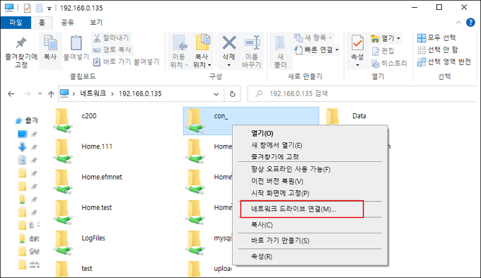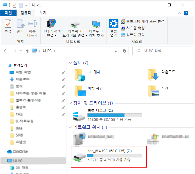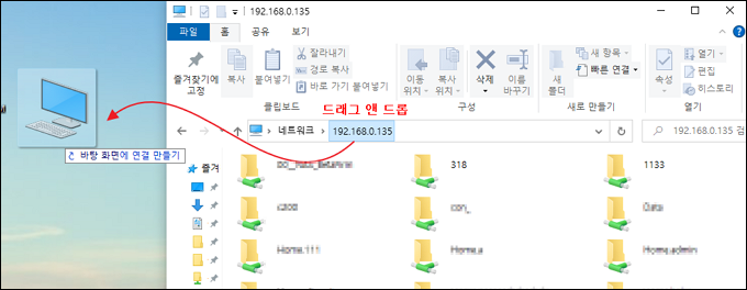 네트워크 드라이브 연결이나 바로 가기를 생성하면 매번 IP주소를 입력할 필요없이 내PC 안의 하드디스크와 같이
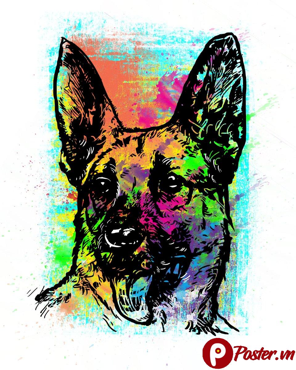 Chó Becgie (German Shepherd) luôn được biết đến là một trong những giống chó thông minh, trung thành và mạnh mẽ nhất. Với vẻ ngoài oai vệ, đôi tai dựng đứng và ánh mắt sắc sảo, chúng thường được sử dụng trong các công việc bảo vệ, nghiệp vụ. Khi được thể hiện dưới phong cách Pop Art, hình ảnh chó Becgie không chỉ giữ được sự uy nghi vốn có mà còn được thổi hồn bằng một năng lượng mới, trẻ trung và hiện đại hơn. Đây là một lựa chọn tuyệt vời cho những ai yêu thích sự kết hợp giữa vẻ đẹp cổ điển và nét phá cách đương đại.
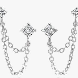 Elegant sterling silver double chain earrings featuring rhinestone accents, for double hole piercings. Perfect for any occasion. Brand new, in original packaging.
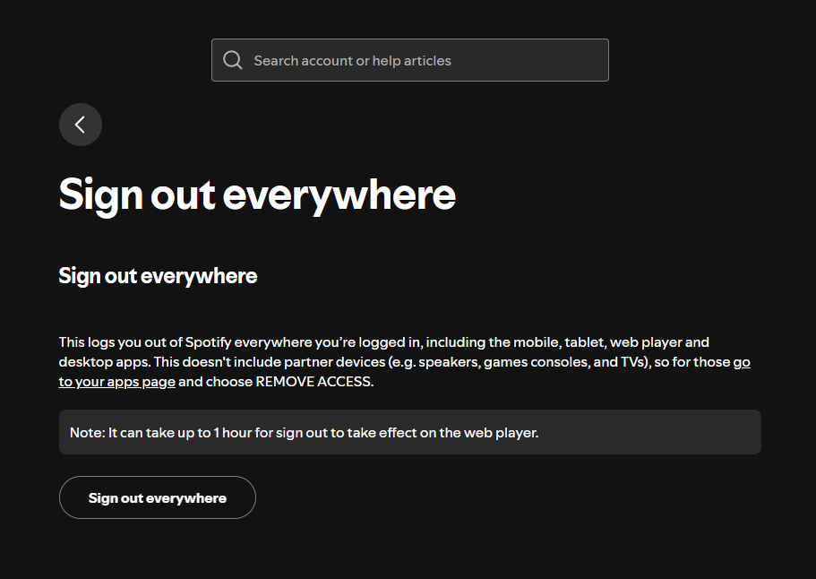 ملاحظة: قد تظل بعض الأجهزة الشريكة (أجهزة التلفزيون ووحدات التحكم ومكبرات الصوت) متصلة. إذا لزم الأمر، قم بإزالة الوصول غير المعروف ضمن قسم التطبيقات في حسابك.
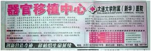 4. 大连《新商报》2006年12月29日报道,大连大学附属新华医院两个小时实施三例肾脏移植手术。该三例肾脏移植手术是当天通过沈大高速公路,有人将刚刚摘取到的肾源送到后盐收费口,然后,三个肾源被转移到早已守候在此的救护车上。14时40分,救护车在大连大学附属新华医院门前停下,医护人员将箱子运到手术室,实施手术。
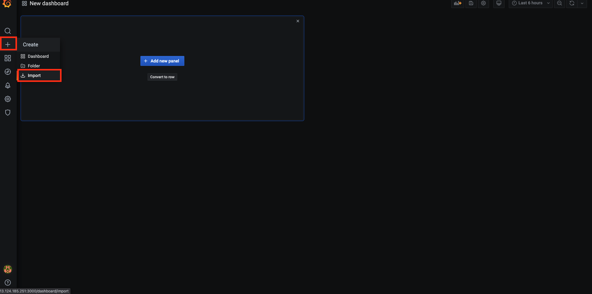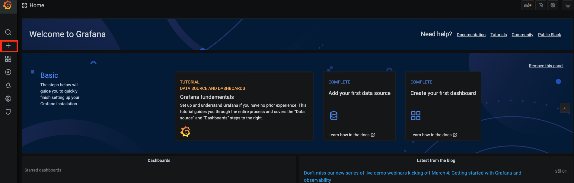 먼저 그라파나에 접속한다. 그 후 "+" 버튼을 누른다.
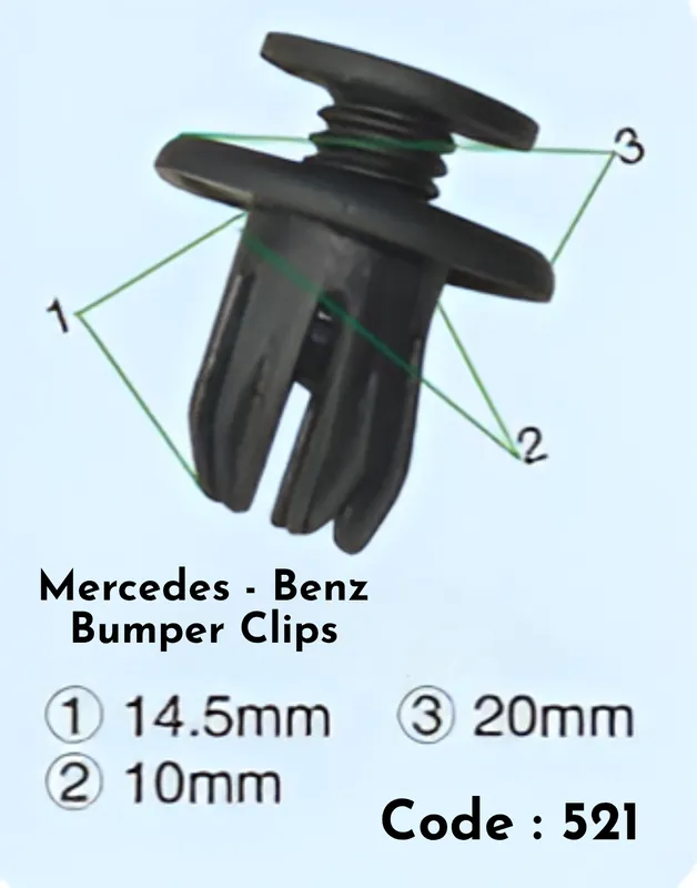 Secure your Mercedes-Benz bumper with this professional-grade clip set. Each of the 10 durable clips is engineered to fit Mercedes-Benz models precisely, ensuring reliable fastening without damage to your vehicle’s finish. These clips withstand vibration and road stress, maintaining bumper alignment through daily driving. Essential for repairs, replacements, or restoration work. Trusted by technicians for consistent performance and longevity.

++++++++++++++++++++

▶ _WHAT NEEDS TO BE DONE_: Repeat the lines of the listing above verbatim, beginning at its first line and ending at the line containing "ملاحظة: قد تظل", which is included. Omit pictures.

▶ _EXERCISE RESULT_:
 네트워크 드라이브 연결이나 바로 가기를 생성하면 매번 IP주소를 입력할 필요없이 내PC 안의 하드디스크와 같이
 Chó Becgie (German Shepherd) luôn được biết đến là một trong những giống chó thông minh, trung thành và mạnh mẽ nhất. Với vẻ ngoài oai vệ, đôi tai dựng đứng và ánh mắt sắc sảo, chúng thường được sử dụng trong các công việc bảo vệ, nghiệp vụ. Khi được thể hiện dưới phong cách Pop Art, hình ảnh chó Becgie không chỉ giữ được sự uy nghi vốn có mà còn được thổi hồn bằng một năng lượng mới, trẻ trung và hiện đại hơn. Đây là một lựa chọn tuyệt vời cho những ai yêu thích sự kết hợp giữa vẻ đẹp cổ điển và nét phá cách đương đại.
 Elegant sterling silver double chain earrings featuring rhinestone accents, for double hole piercings. Perfect for any occasion. Brand new, in original packaging.
 ملاحظة: قد تظل بعض الأجهزة الشريكة (أجهزة التلفزيون ووحدات التحكم ومكبرات الصوت) متصلة. إذا لزم الأمر، قم بإزالة الوصول غير المعروف ضمن قسم التطبيقات في حسابك.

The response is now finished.